───── Exercise materials ─────

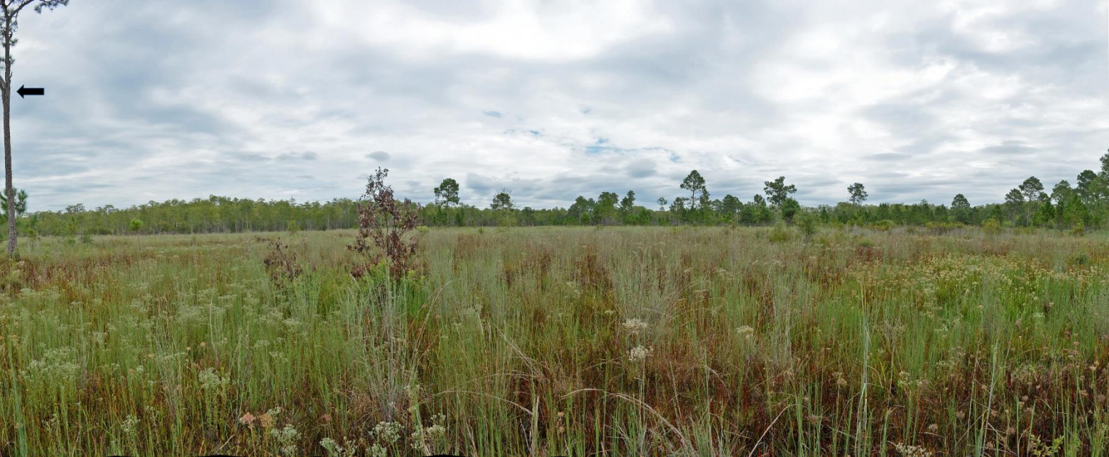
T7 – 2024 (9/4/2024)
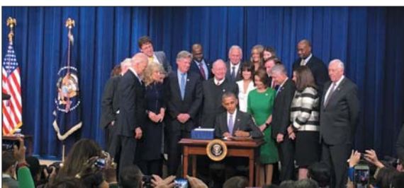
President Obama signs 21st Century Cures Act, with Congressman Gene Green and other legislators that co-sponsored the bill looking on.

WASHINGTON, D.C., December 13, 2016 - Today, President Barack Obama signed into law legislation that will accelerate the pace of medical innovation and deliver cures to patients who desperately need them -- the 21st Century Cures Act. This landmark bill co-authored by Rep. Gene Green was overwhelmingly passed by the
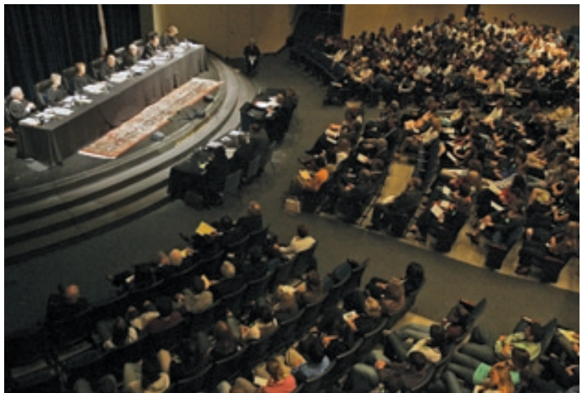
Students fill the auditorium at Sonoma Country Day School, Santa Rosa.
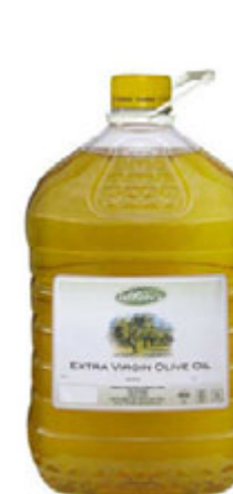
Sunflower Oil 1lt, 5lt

─────
───── Exercise materials ─────

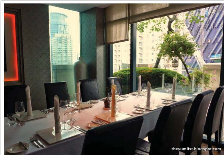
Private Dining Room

─────
───── Exercise materials ─────

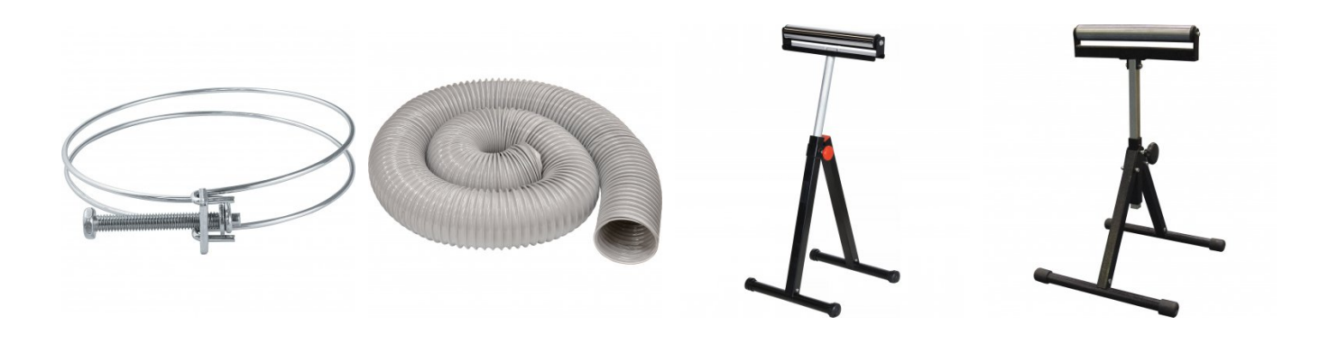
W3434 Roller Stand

─────

## [Problem to solve]
Using the data above, retype exactly and only the lines from the one containing "WASHINGTON, D.C., December" up to and including the one containing "Sunflower Oil 1lt, 5lt", with no pictures carried over.

## [Solution for this task]
WASHINGTON, D.C., December 13, 2016 - Today, President Barack Obama signed into law legislation that will accelerate the pace of medical innovation and deliver cures to patients who desperately need them -- the 21st Century Cures Act. This landmark bill co-authored by Rep. Gene Green was overwhelmingly passed by the
Students fill the auditorium at Sonoma Country Day School, Santa Rosa.
Sunflower Oil 1lt, 5lt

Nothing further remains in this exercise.